Joe Manchin has made millions of dollars from coal.
Now he gets to take the lead in deciding coal’s future.
Since 2012, his income totals $4.35 million from stock he owns in Enersystems, Inc., the Fairmont-based coal brokerage he founded in 1988, according to his U.S. Senate financial disclosures.
Manchin made another $95,000 to $236,000 over the same span from notes receivable and stock he owns in Farmington Resources, a Fairmont-based mining services company. Senate financial disclosures report most assets in dollar ranges, not precise amounts.
In 2020, Manchin’s Enersystems stock was valued from $1 million to $5 million – easily his most valuable asset.
The centrist Democratic senator and chairman of the powerful Senate Energy and Resources Committee now finds President Joe Biden’s climate and social agenda resting largely in his hands.
West Virginia climate advocates fear his fingerprints.
“It’s difficult to question his motives,” said James Van Nostrand, director of the West Virginia University College of Law’s Center for Energy and Sustainable Development. “But at the same time, I can’t figure out why he’s saying no to this stuff.”
The “stuff” includes a bevy of key climate priorities in Democrats’ budget bill designed to achieve the immediate and large-scale reductions in greenhouse gas emissions needed to avoid the most devastating, irreversible effects of climate change.
“This report must sound a death knell for coal and fossil fuels, before they destroy our planet,” United Nations Secretary General António Guterres said in an August statement.
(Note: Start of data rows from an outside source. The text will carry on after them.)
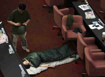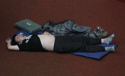 段宜康則自備露營(yíng)專用的睡墊和枕頭,但熟睡后踢被,還露出一大截肚子,也全被民進(jìn)黨內(nèi)同志們拍下照片。(中國(guó)臺(tái)灣網(wǎng) 劉海偉)
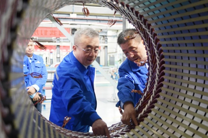 王國強深入生產科研一線,調研了相關裝備園區、車間和重點產品,與全國技術能手、一線工人就工裝應用、工藝工法、安全生產等進行親切交流,聽取了企業負責人關于生產經營、科技創新、人才培養、精益管理、發展規劃、黨的建設等方面情況匯報,并對下一步工作提出具體要求。
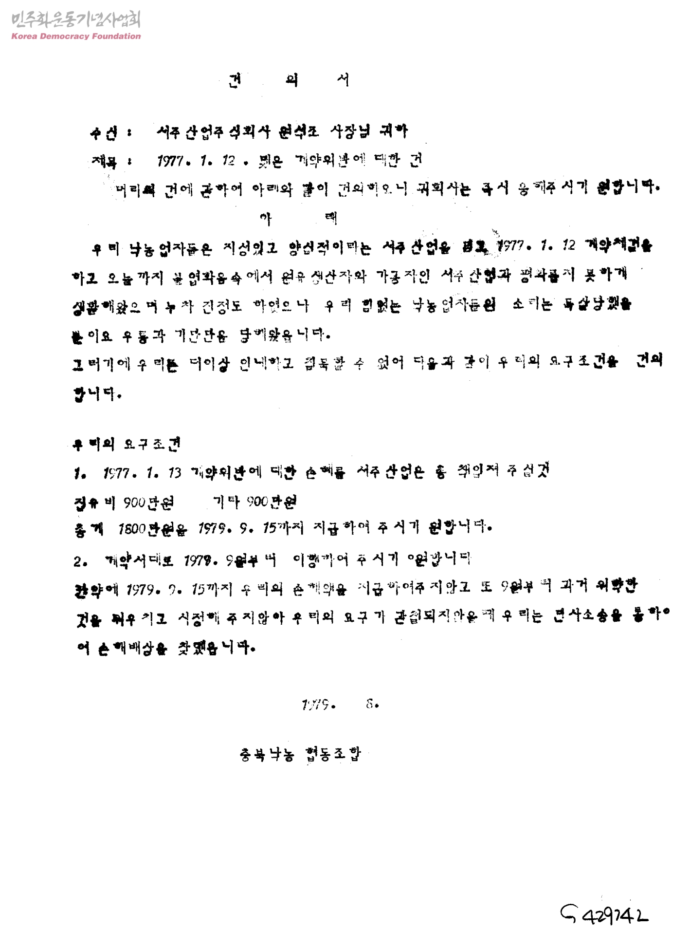 [서주산업과 충북낙농협동조합 원유매매 계약 관련자료]건의서-1977.1.12 맺은 계약위반에 대한 건[수신:사주산업,발신:충북낙농협동조합]

The remarks accompanied a U.N. Intergovernmental Panel on Climate Change report that urged reaching net zero carbon emissions to reduce extreme rainfall and flooding in West Virginia and throughout the eastern United States for generations to come.
Manchin, whose vote is critical in the evenly divided Senate, has balked at what clean energy proponents view as the bill’s most pivotal climate measures, which advocates predict also would strengthen West Virginia’s economy.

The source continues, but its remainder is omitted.